After the strange spoon scene in the bathroom, spoons began to show up all over the place; in the laundry hamper, the toy box, the shoe box, in the dogs bed. I found one in between couch cushions and another lodged under the microwave stand. But just as quickly as I retrieved them, they’d be gone again. Was my perp starting to lose it? I sure hoped so, cause I knew the case was beginning to get to me.

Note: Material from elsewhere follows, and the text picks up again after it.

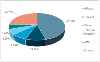 在2017年中國公有云IaaS市場廠商份額排行榜TOP5中,阿里云位居榜首,市場份額達到45.5%;騰訊云排名第二,市場份額為10.3%;中國電信排名第三,市場份額為7.6%,同比增長51%;位居第四的金山云,市場份額為6.5%,增長82%;AWS首次進入IaaS市場前五位,市場份額為5.4%。

I dreaded my late night ice cream craving. I stopped making soup and chilli all together. When the kids wanted to play ‘musical instruments’ I had to break out the plastic sporks for them to use as drum sticks. One night I dreamt I was a tiny ant in the silverware drawer. A giant hand reached in and grabbed the spoon I was sitting on. It then tried to crush me with a second spoon. I saw no one, but could hear a dark and menacing laugh as I was spooned to death. I woke up sweating and panting and shaking. My husband took my hand, “You have to give this up, Rachel. You’re in too deep. Let me buy you some new spoons and let’s get on with our lives before it consumes you!” He pleaded and pleaded, but even the love of a good man couldn’t convince me to stop. I was so close I could taste it. And then it happened.
The spoon thief made a mistake that busted the case wide open. I knew who it was. And I knew what I had to do.